Abstract
OBJECTIVES: H syndrome is a rare autosomal recessive disorder caused by mutations in SLC29A3, encoding the nucleoside transporter hENT3. Its heterogeneous clinical presentation often includes skin hyperpigmentation, systemic inflammation, endocrinopathies and sensorineural hearing loss. However, typical cutaneous signs may be absent, leading to diagnostic challenges. The objective was to describe a patient with H syndrome misdiagnosed until adulthood as having cryopyrin-associated periodic syndrome (CAPS), due to overlapping clinical and functional features.
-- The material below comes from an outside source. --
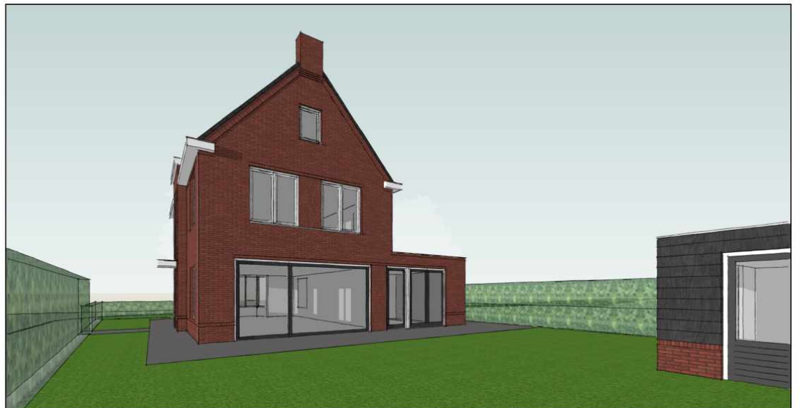
3D IMPRESSIE - SCENE 3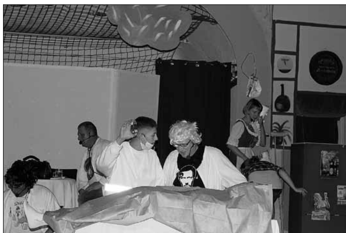
In der Pathologie

METHODS: We conducted clinical, immunological, genetic and functional assessments in a 24-year-old male with a complex history of early-onset urticarial rash, fever, hearing loss, oral ulcers, colitis and episodic inflammation. Genetic analyses included whole-exome sequencing (WES) and segregation study by quantitative PCR (qPCR). Functional assays evaluated IL-1β secretion, ASC speck formation, reactive oxygen species (ROS) production and type I interferon signature.
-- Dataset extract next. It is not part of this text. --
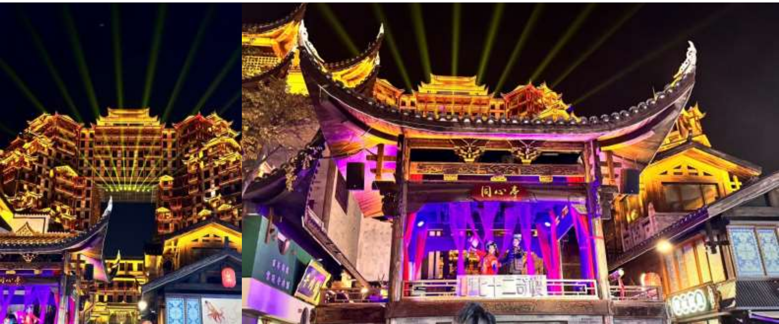
นำทุกท่านเข้าสู่ที่พัก VIENNA HOTEL ระดับ 4 ดาวท้องถิ่นหรือเทียบเท่า

นำท่านชม ตึกมหัศจรรย์ 72 แห่งเมืองจางเจี๋ยเจี๋ย ถูกสร้างขึ้นโดยนำเอาจุดเด่นของเมืองจางเจี๋ยเจี๋ยมารวมกัน โดยมีอาคารสูงที่สร้างจำลองถ้ำประตูสวรรค์ บ้านยกพื้นโบราณที่เป็นบ้านพื้นเมืองของชาวถู่เจี๋ย นอกจากนี้ที่นี่ยังถูกออกแบบให้กลายเป็นแหล่งรวมของ รีสอร์ท โฮมสเตย์ ร้านอาหาร แวงสตรีทฟู้ด ผับบาร์ ร้านขายของที่ระลึกมากมาย ** ชมด้านนอก**

RESULTS: The patient showed enhanced and accelerated IL-1β secretion and increased ASC speck formation in CD14+ cells after lipopolysaccharide (LPS) stimulation, indicating NLRP3 inflammasome hyperactivation, hallmark features of CAPS. ROS production was significantly elevated in both granulocytes and monocytes, even at baseline. A type I interferon signature was intermittently positive. Genetic testing ultimately revealed a homozygous deletion of exon 2 in the SLC29A3 gene, confirming H syndrome.
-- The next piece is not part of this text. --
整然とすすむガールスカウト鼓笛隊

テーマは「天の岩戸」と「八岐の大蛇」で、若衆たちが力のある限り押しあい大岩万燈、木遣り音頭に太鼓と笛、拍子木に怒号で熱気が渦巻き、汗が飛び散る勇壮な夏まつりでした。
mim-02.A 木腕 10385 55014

CONCLUSION: This case highlights the phenotypic overlap between H syndrome and CAPS, including shared inflammasome dysregulation. Absence of typical skin hyperpigmentation delayed diagnosis despite early-onset systemic inflammation and partial response to IL-1 blockade. Functional assays may support diagnostic refinement in autoinflammatory syndromes with atypical features or inconclusive genetics.